▸ **Data**
----------

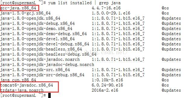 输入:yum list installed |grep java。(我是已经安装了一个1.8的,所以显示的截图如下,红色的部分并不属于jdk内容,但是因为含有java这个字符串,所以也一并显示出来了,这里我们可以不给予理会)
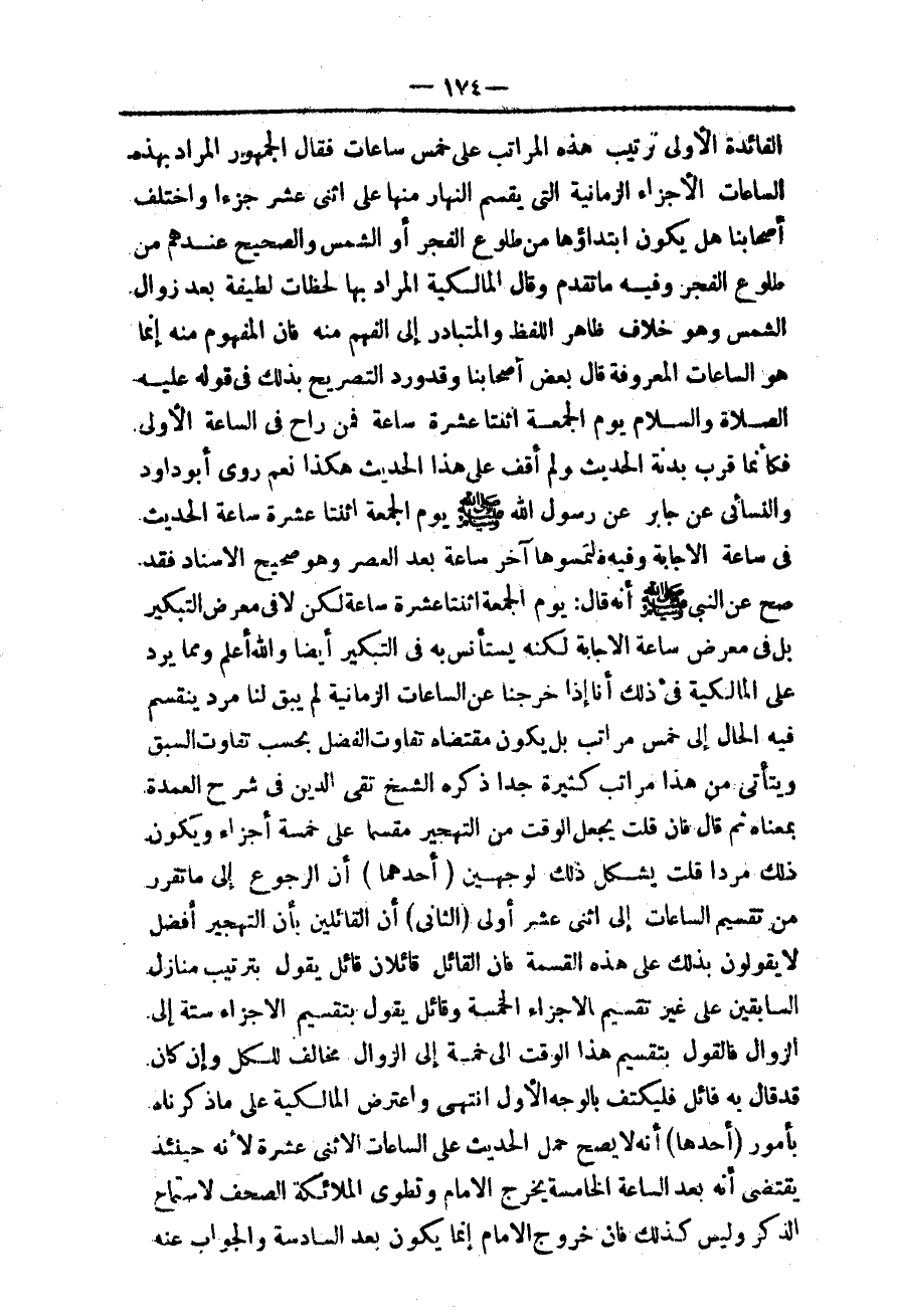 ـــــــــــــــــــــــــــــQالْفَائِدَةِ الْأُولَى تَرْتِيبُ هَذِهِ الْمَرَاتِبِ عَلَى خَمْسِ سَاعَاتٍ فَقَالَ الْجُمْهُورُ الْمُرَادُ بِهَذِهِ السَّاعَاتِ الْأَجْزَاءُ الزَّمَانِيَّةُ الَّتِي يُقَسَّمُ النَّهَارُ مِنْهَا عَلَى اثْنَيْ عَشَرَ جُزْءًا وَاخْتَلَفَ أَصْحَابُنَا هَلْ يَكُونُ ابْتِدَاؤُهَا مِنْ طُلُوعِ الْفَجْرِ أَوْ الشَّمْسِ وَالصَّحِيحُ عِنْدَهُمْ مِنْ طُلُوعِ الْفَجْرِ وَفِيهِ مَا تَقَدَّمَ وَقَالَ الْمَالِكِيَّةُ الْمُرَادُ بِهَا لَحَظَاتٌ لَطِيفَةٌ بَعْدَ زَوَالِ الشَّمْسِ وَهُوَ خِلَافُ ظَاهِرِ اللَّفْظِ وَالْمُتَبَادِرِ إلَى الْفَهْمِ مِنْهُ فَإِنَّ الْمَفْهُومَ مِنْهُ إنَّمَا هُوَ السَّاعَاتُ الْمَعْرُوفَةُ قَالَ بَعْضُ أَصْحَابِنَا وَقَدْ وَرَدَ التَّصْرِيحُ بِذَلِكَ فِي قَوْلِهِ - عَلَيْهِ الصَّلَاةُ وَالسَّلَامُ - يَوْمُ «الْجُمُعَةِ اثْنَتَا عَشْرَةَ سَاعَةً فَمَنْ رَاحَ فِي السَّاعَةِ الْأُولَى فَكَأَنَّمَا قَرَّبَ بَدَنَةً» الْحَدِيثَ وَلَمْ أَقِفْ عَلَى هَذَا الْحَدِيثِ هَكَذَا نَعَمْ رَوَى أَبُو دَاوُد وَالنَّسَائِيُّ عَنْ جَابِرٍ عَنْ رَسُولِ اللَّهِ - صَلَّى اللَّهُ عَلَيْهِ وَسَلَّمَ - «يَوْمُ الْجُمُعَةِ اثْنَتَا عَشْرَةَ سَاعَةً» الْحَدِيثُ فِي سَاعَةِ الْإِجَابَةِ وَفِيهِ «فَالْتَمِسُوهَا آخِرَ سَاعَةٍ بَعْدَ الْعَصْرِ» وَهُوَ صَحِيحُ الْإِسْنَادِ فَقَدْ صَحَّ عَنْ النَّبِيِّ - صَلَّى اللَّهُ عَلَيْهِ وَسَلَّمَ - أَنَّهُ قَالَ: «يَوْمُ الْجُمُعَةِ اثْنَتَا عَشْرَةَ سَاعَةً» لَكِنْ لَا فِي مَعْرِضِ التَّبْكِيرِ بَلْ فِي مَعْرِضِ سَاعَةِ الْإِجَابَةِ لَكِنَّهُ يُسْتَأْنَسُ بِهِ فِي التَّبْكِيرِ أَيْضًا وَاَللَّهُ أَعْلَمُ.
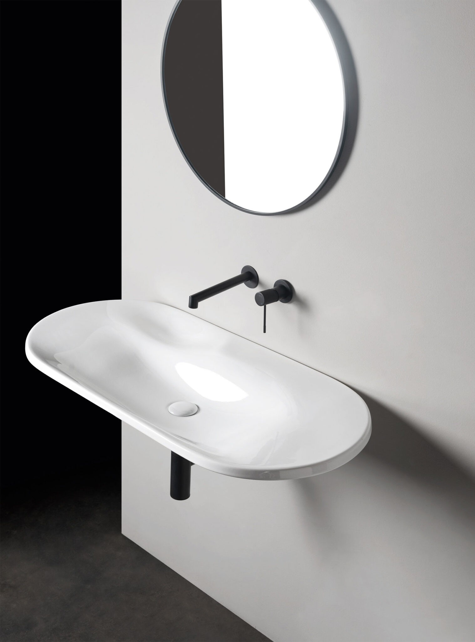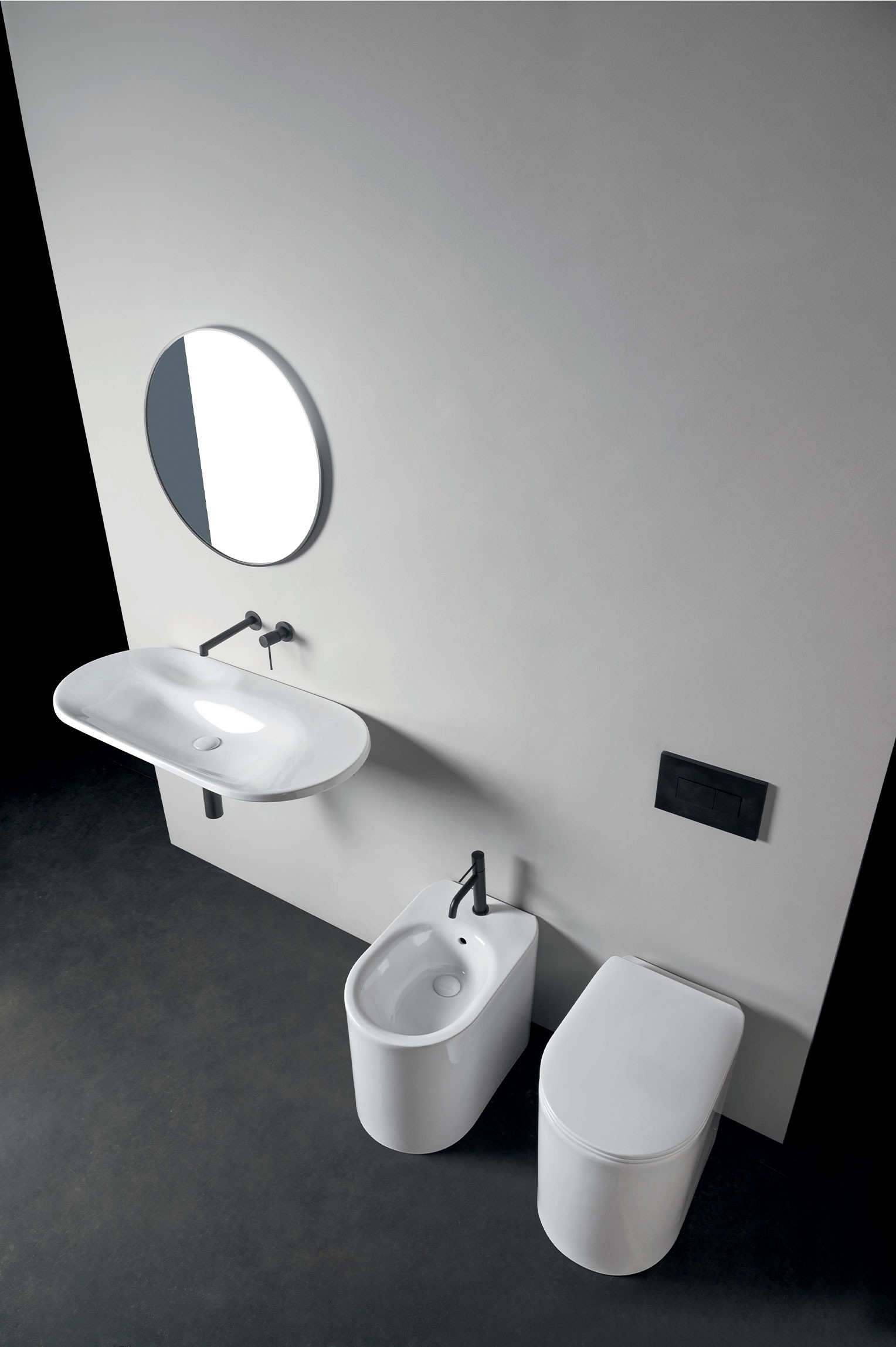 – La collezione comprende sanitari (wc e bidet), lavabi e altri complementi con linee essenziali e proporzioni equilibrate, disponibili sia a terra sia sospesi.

----------

▸ **Task brief**
Make an exact copy of the listing. Leave its pictures out.

▸ **Reply to the task**
 输入:yum list installed |grep java。(我是已经安装了一个1.8的,所以显示的截图如下,红色的部分并不属于jdk内容,但是因为含有java这个字符串,所以也一并显示出来了,这里我们可以不给予理会)
 ـــــــــــــــــــــــــــــQالْفَائِدَةِ الْأُولَى تَرْتِيبُ هَذِهِ الْمَرَاتِبِ عَلَى خَمْسِ سَاعَاتٍ فَقَالَ الْجُمْهُورُ الْمُرَادُ بِهَذِهِ السَّاعَاتِ الْأَجْزَاءُ الزَّمَانِيَّةُ الَّتِي يُقَسَّمُ النَّهَارُ مِنْهَا عَلَى اثْنَيْ عَشَرَ جُزْءًا وَاخْتَلَفَ أَصْحَابُنَا هَلْ يَكُونُ ابْتِدَاؤُهَا مِنْ طُلُوعِ الْفَجْرِ أَوْ الشَّمْسِ وَالصَّحِيحُ عِنْدَهُمْ مِنْ طُلُوعِ الْفَجْرِ وَفِيهِ مَا تَقَدَّمَ وَقَالَ الْمَالِكِيَّةُ الْمُرَادُ بِهَا لَحَظَاتٌ لَطِيفَةٌ بَعْدَ زَوَالِ الشَّمْسِ وَهُوَ خِلَافُ ظَاهِرِ اللَّفْظِ وَالْمُتَبَادِرِ إلَى الْفَهْمِ مِنْهُ فَإِنَّ الْمَفْهُومَ مِنْهُ إنَّمَا هُوَ السَّاعَاتُ الْمَعْرُوفَةُ قَالَ بَعْضُ أَصْحَابِنَا وَقَدْ وَرَدَ التَّصْرِيحُ بِذَلِكَ فِي قَوْلِهِ - عَلَيْهِ الصَّلَاةُ وَالسَّلَامُ - يَوْمُ «الْجُمُعَةِ اثْنَتَا عَشْرَةَ سَاعَةً فَمَنْ رَاحَ فِي السَّاعَةِ الْأُولَى فَكَأَنَّمَا قَرَّبَ بَدَنَةً» الْحَدِيثَ وَلَمْ أَقِفْ عَلَى هَذَا الْحَدِيثِ هَكَذَا نَعَمْ رَوَى أَبُو دَاوُد وَالنَّسَائِيُّ عَنْ جَابِرٍ عَنْ رَسُولِ اللَّهِ - صَلَّى اللَّهُ عَلَيْهِ وَسَلَّمَ - «يَوْمُ الْجُمُعَةِ اثْنَتَا عَشْرَةَ سَاعَةً» الْحَدِيثُ فِي سَاعَةِ الْإِجَابَةِ وَفِيهِ «فَالْتَمِسُوهَا آخِرَ سَاعَةٍ بَعْدَ الْعَصْرِ» وَهُوَ صَحِيحُ الْإِسْنَادِ فَقَدْ صَحَّ عَنْ النَّبِيِّ - صَلَّى اللَّهُ عَلَيْهِ وَسَلَّمَ - أَنَّهُ قَالَ: «يَوْمُ الْجُمُعَةِ اثْنَتَا عَشْرَةَ سَاعَةً» لَكِنْ لَا فِي مَعْرِضِ التَّبْكِيرِ بَلْ فِي مَعْرِضِ سَاعَةِ الْإِجَابَةِ لَكِنَّهُ يُسْتَأْنَسُ بِهِ فِي التَّبْكِيرِ أَيْضًا وَاَللَّهُ أَعْلَمُ.
 – La collezione comprende sanitari (wc e bidet), lavabi e altri complementi con linee essenziali e proporzioni equilibrate, disponibili sia a terra sia sospesi.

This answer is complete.